Try it
Begin with the line below holding "[한라일보] 지역 최초로" and go on through the line holding "operation front door", duplicating each line exactly and leaving out pictures.

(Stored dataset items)
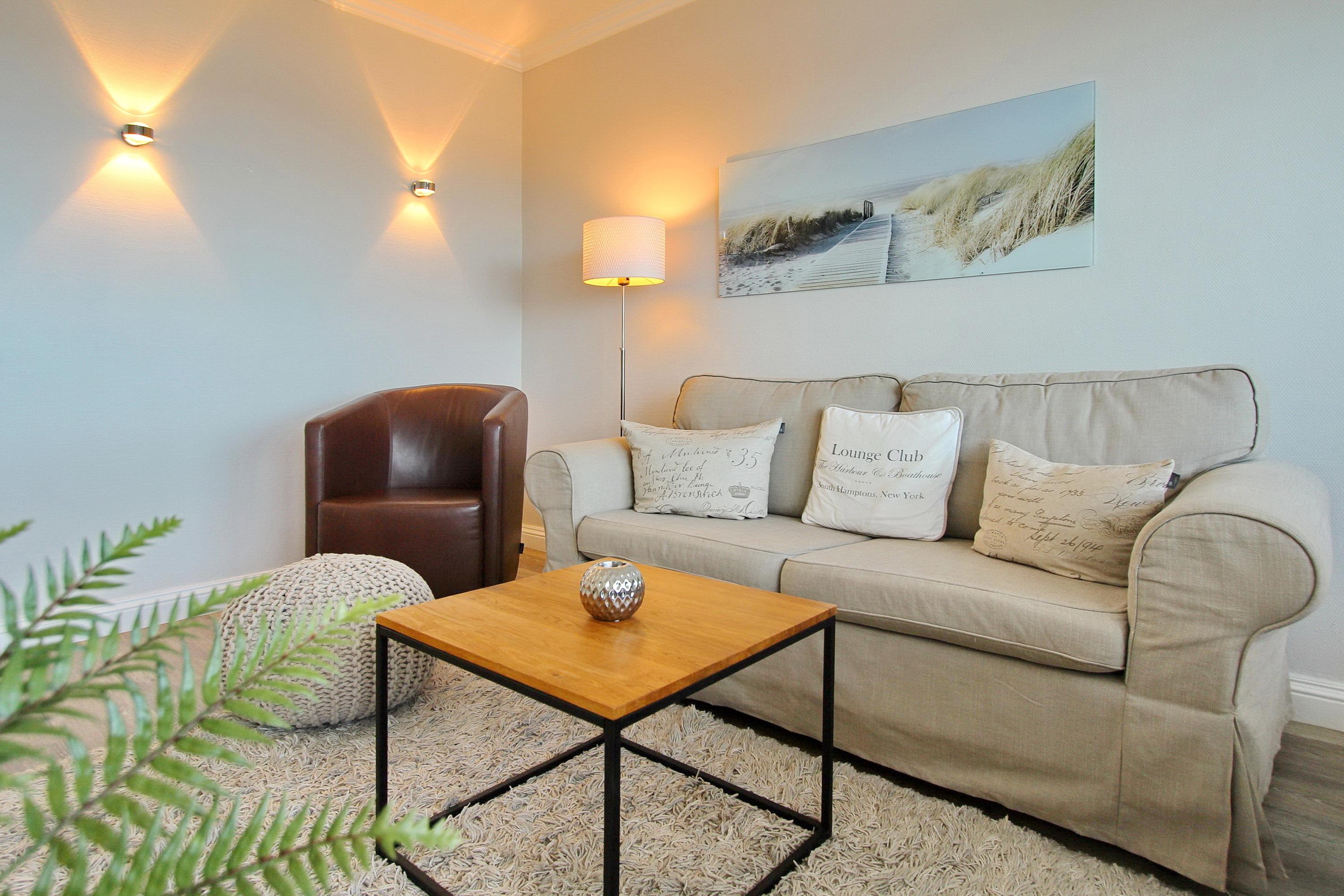 Moderne Ferienwohnung mit Balkon und herrlichem Blick auf die Nordsee in Westerland, Sylt.
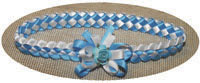 "DIADEMA AZUL CIAN CON BLANCO, CON ADORNO DE MOÑO Y FLOR "
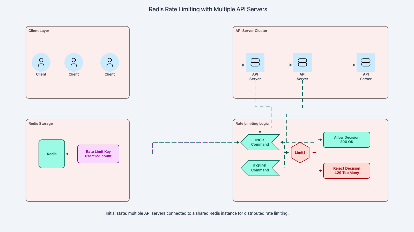 Rate limiting in a single-server environment is straightforward — an in-memory counter works. But production systems run behind multiple servers, each receiving a fraction of traffic. Without coordination, each server enforces its own limit independently, allowing clients to exceed the global limit by distributing requests across servers.
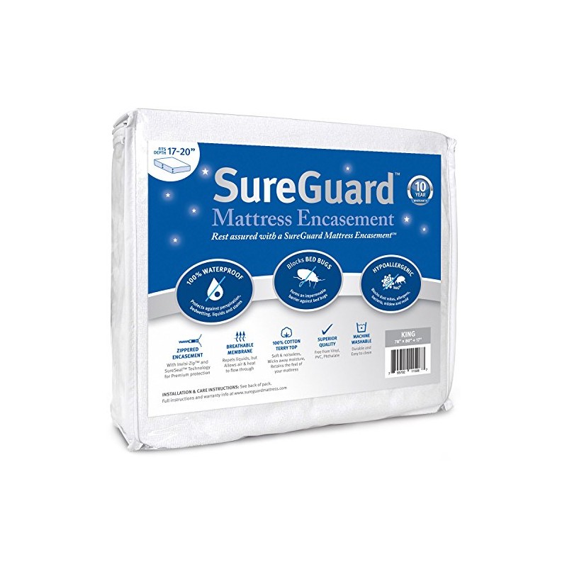 - 100% Waterproof - Six-sided premium mattress protector blocks perspiration, bed wetting, liquids and stains; 10-year quality guarantee (NOTE: For frequent accidents and easy clean-ups, place a fitted SureGuard Mattress Protector over the encasement).
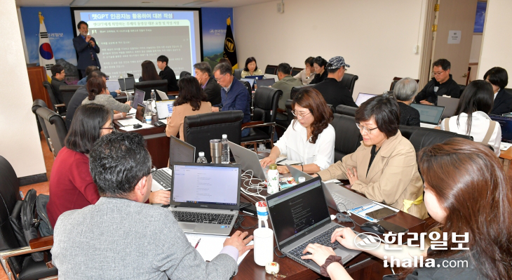 [한라일보] 지역 최초로 제주도 리더를 위한 '챗GPT 인공지능 지도사' 자격 취득 1기 교육과정이 진행됐다.
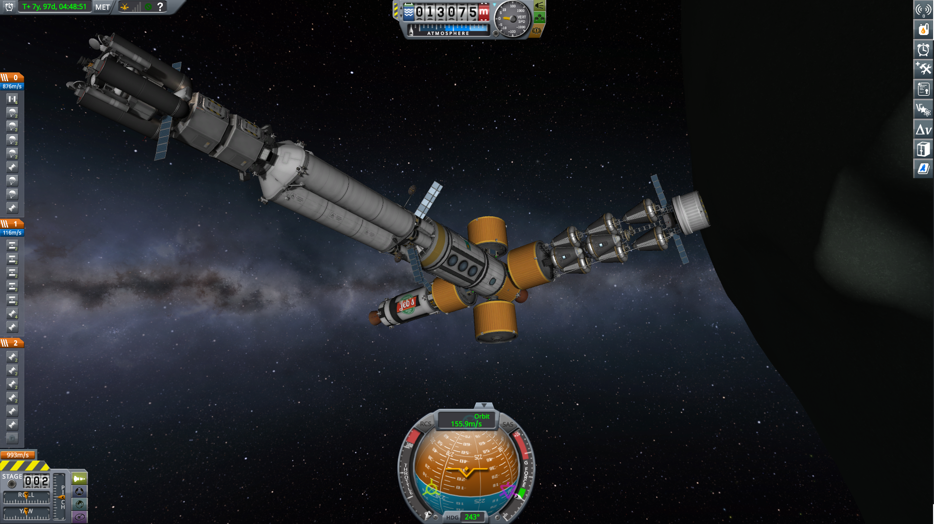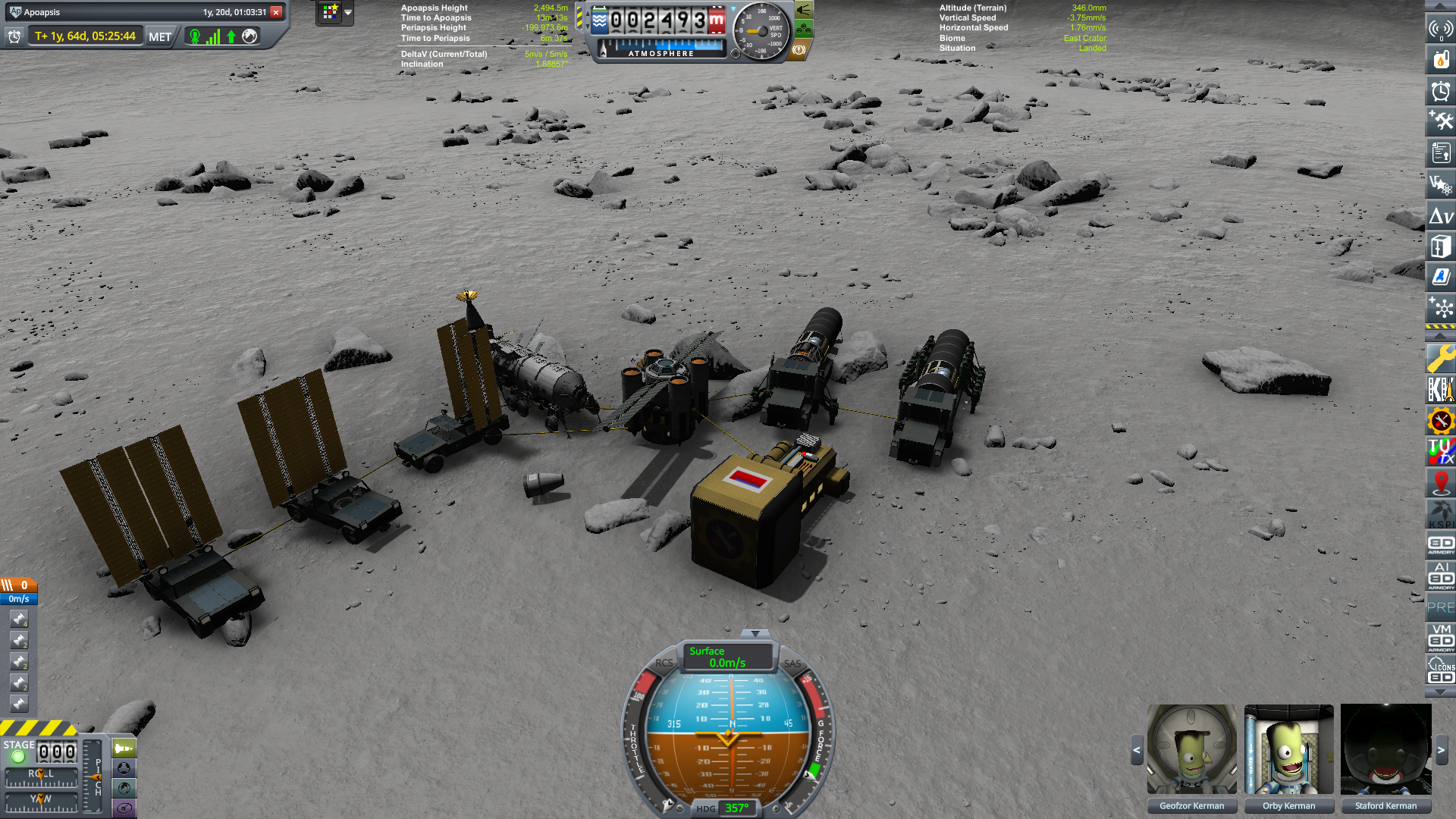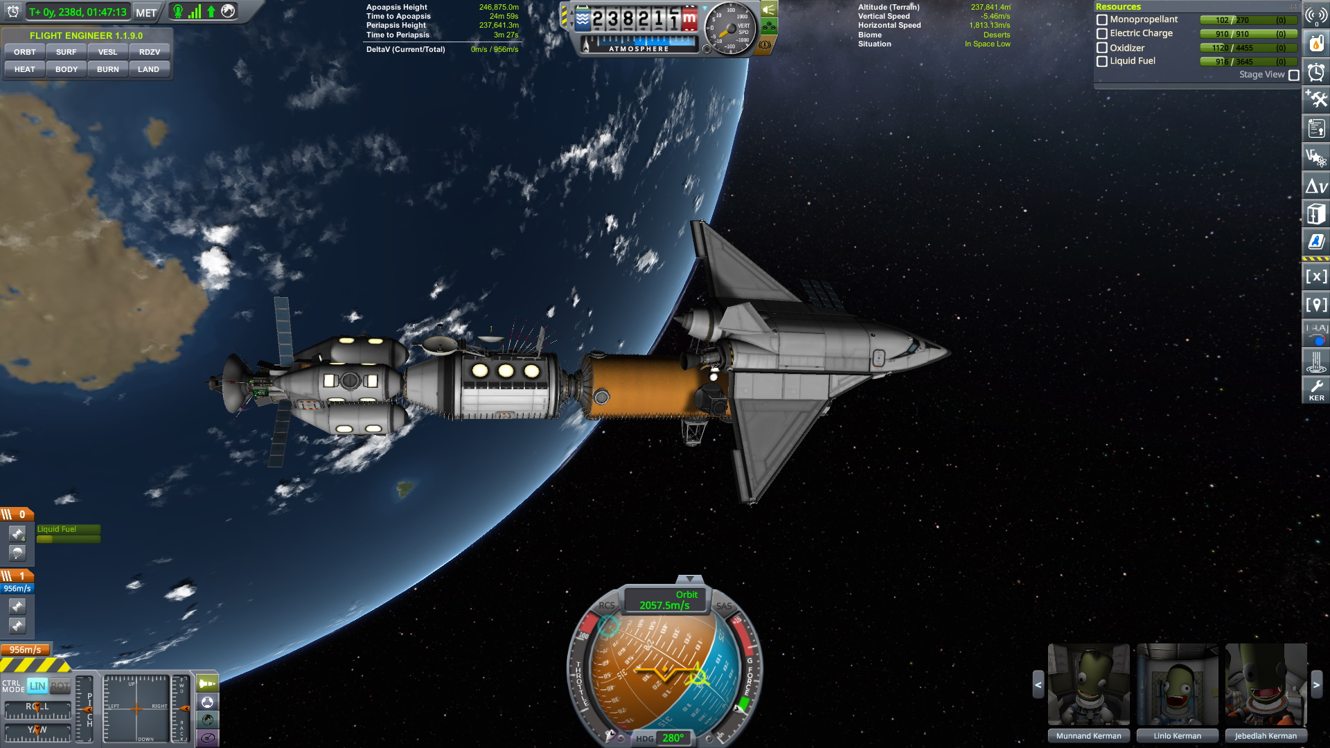 operation front door is complete. the old modules would be awkward to dock because of their stairs so im just going to scrap them and fly up new ones designed for docking. only real hiccup was i forgot to remove crew from the ship so now there are 4 of them up there when there should be 2, but thats not a huge deal
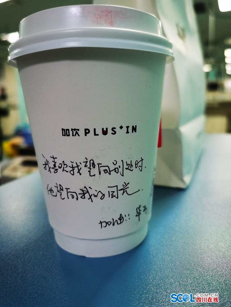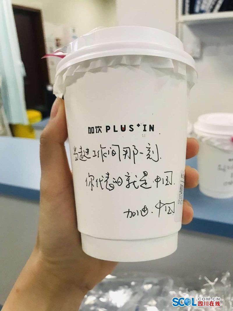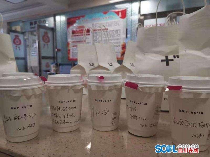 四川在线消息(记者 杨丹)今天下午,华西医院急诊科收到匿名市民送来的外卖,50杯热腾腾的咖啡。更为特别的是,每一个咖啡杯上,都手写了不同的鼓励和祝福的语句,“当走进工作间那一刻,你代表的就是中国”,“累了,就歇一歇,也很重要”。
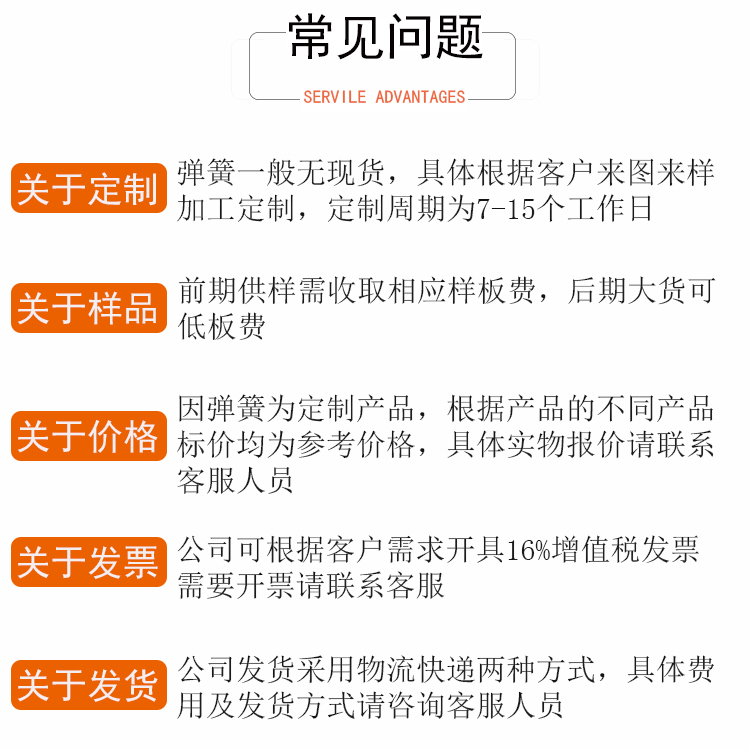 1、普通弹簧不收打样费(小线径,标准规格材质) 2、特殊材质 3、高难度、复杂型弹簧收取相应板费
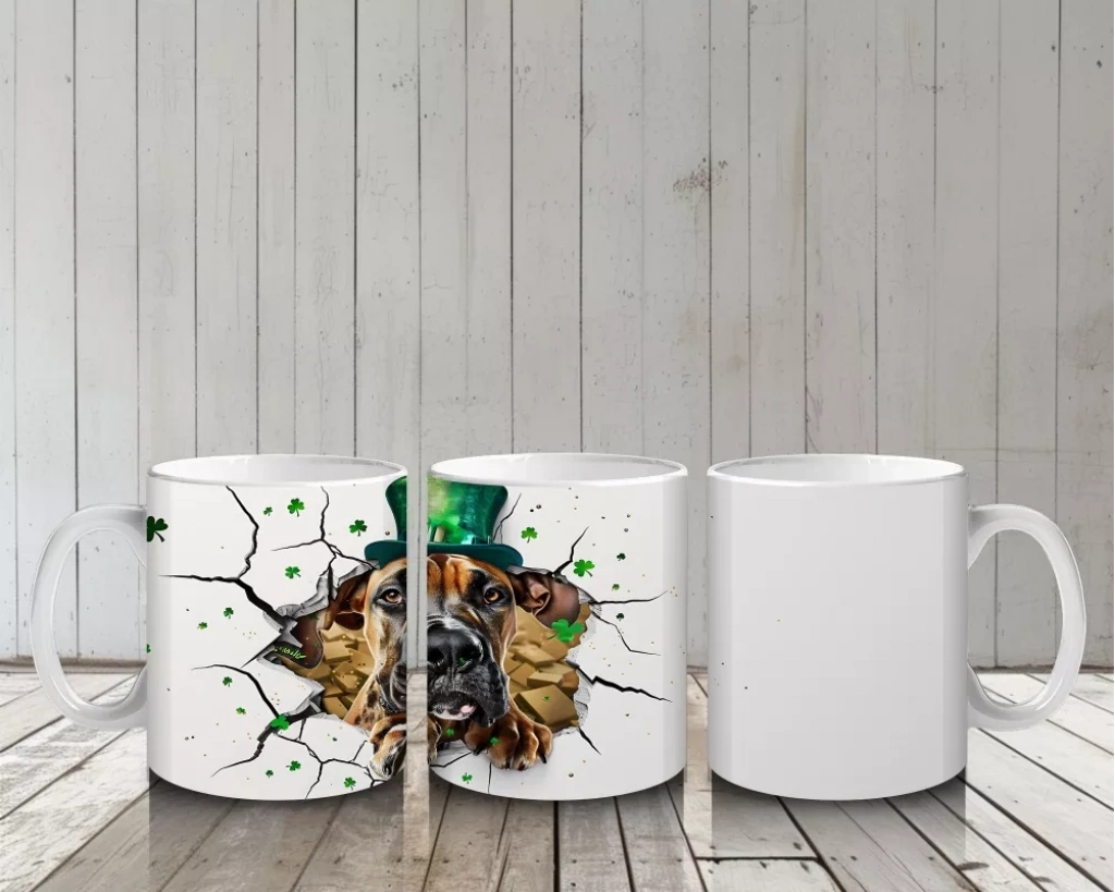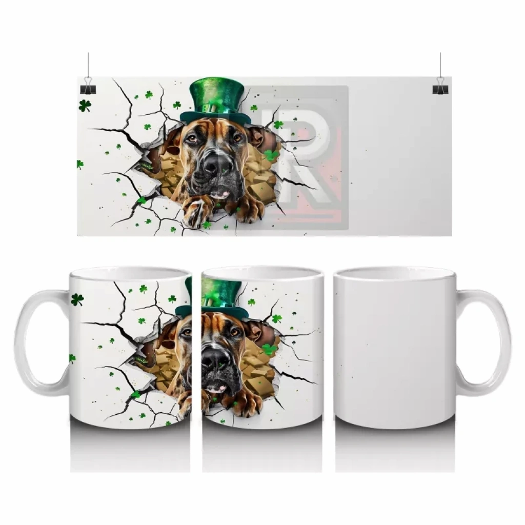 St. Patrick şapkası ve yonca detaylarıyla süslenen bu boksör köpek, hem sempatik hem de güçlü bir duruş sergiliyor. Neşeli ruhu yansıtan, tematik kupa koleksiyonları için mükemmel bir tercih.

Exercise answer
 [한라일보] 지역 최초로 제주도 리더를 위한 '챗GPT 인공지능 지도사' 자격 취득 1기 교육과정이 진행됐다.
 operation front door is complete. the old modules would be awkward to dock because of their stairs so im just going to scrap them and fly up new ones designed for docking. only real hiccup was i forgot to remove crew from the ship so now there are 4 of them up there when there should be 2, but thats not a huge deal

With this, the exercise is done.